Supply chain glitches mean that the school will operate partially out of temporary quarters in a church for the first few months. Strong said it has been frustrating, but leadership, staff and families have been understanding. 

Like its North Idaho sibling, Elevate Nampa is already over-subscribed. “We have waiting lists at every grade level,” Carpenter said. “It’s so cute. Middle school students are referring their friends. 

Referrals are coming even from unexpected quarters. “We worked in the school district for 22 years and even though they weren’t happy that we were leaving and opening a charter school because we’re competition, they are also referring kids like crazy,” Carpenter said. “They just know that they’re not able to provide what we can, so they get over themselves.” 

Meanwhile, Strong and White have turned over management of the Caldwell school, and are busy building a central team to oversee the entire Elevate network.  

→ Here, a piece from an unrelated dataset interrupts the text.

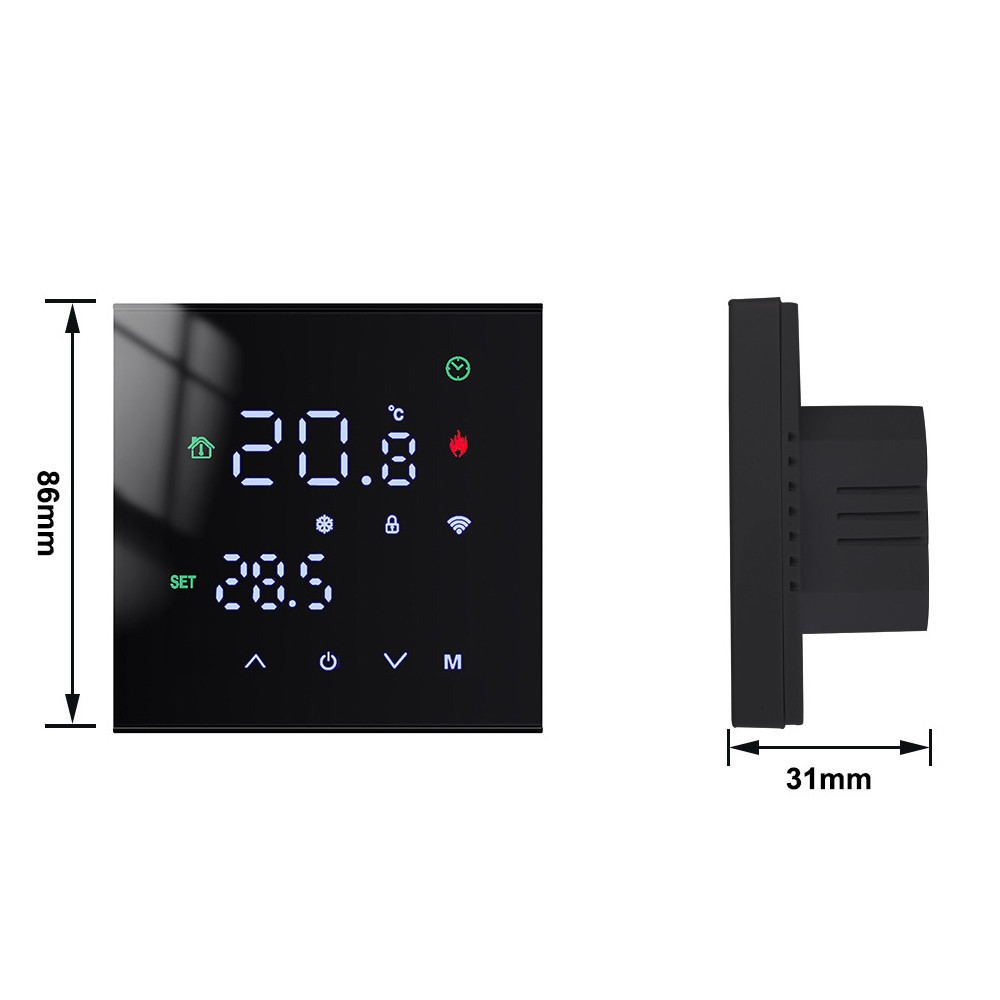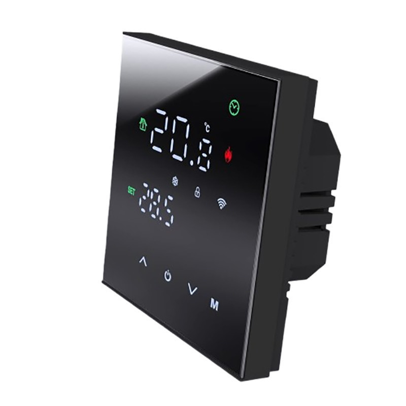 A termosztát 230 V AC/50 Hz hálózati feszültségről működik. A 16 A kapcsolási áramnak köszönhetően képes nagyobb teljesítményű fűtési rendszerek vezérlésére is. A termosztát hiszterézise 0,5 és 5 °C között állítható, amely lehetővé teszi a hőmérséklet pontos szabályozását az egyéni igények szerint. Memóriafunkció: A termosztát memóriafunkciójának köszönhetően kikapcsolás esetén minden beállítását biztonságosan megőrzi, hogy a használat mindig zökkenőmentes legyen. Programozható funkció: A termosztát programozható funkciója lehetővé teszi, hogy mobiltelefonján keresztül kényelmesen beállítsa az Ön igényeihez igazodó időzítéseket és hőmérsékleti értékeket. WiFi funkció: Az eszközt egy mobilalkalmazáson keresztül bárhonnan vezérelheti, így bármikor beállíthatja otthona ideális hőmérsékletét, akár távolról is. Ez a megbízható és egyszerűen kezelhető termosztát tökéletes választás azok számára, akik egy modern, intelligens otthoni rendszerbe integrálható eszközt keresnek. Széles hőmérséklet-tartományával és precíz mérési képességeivel ideális megoldást nyújt különféle fűtési és klimatizálási rendszerekhez, biztosítva a maximális kényelmet és energiahatékonyságot. Specifikációk: Tápellátás: 100 ~ 240 VAC, 50 ~ 60 Hz Áramterhelés: 3A (vízmelegítés, gázkazán), 16A (elektromos fűtés) Érzékelő: NTC, 10K Pontosság: ± 1 °C Hőmérséklet beállítási tartomány: 5-35 °C Hőmérséklet korlátozási tartomány: 5-60 °C Energiafogyasztás: Burkolat anyaga: PC + ABS (lángálló) Szerelvénydoboz: 86*86 mm négyzet alakú vagy európai 60 mm kerek doboz Vezetékcsatlakozás: vezeték 2x1,5 mm2 vagy 1x2,5 mm2 Védettségi osztály: IP20 Csomag tartalma: Termosztát Beszereléshez szükséges tartozékok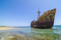 Ten noorden van Gythio langs de kust ligt Valtaki Beach, een lang zandstrand dat niet te missen valt: er ligt een groot verroest scheepswrak op. De Dimitrios strandde in december 1981 op dit strand. Er doen veel geruchten de ronde over de herkomst van het schip en hoe het op het strand terecht is gekomen. Sommige noemden onderschepte sigarettensmokkel tussen Turkije en Italië en een andere versie verhaalt over een noodaanleg in Gythio. Het verlaten schip zou daarna door een storm zijn meegesleurd en terecht zijn gekomen op het strand van Valtaki. Het schip werd daar gewoon achtergelaten en er werden geen pogingen ondernomen om het te bergen.

From White’s perspective, the sky’s the limit with the Elevate model. Once Elevate has eight Idaho schools open, further expansion is possible. White even envisions Elevate schools in other states.  

“I’m trying to hold Monica back,” the slightly more reticent Strong said with a laugh. 

Elevate Academy Caldwell, Elevate Academy North, and Elevate Academy Nampa, are Bluum partner schools and have received grant support from the J.A. and Kathryn Albertson Family Foundation. The three schools have also received funding from Idaho’s Communities of Excellence federal Charter Schools Program grant.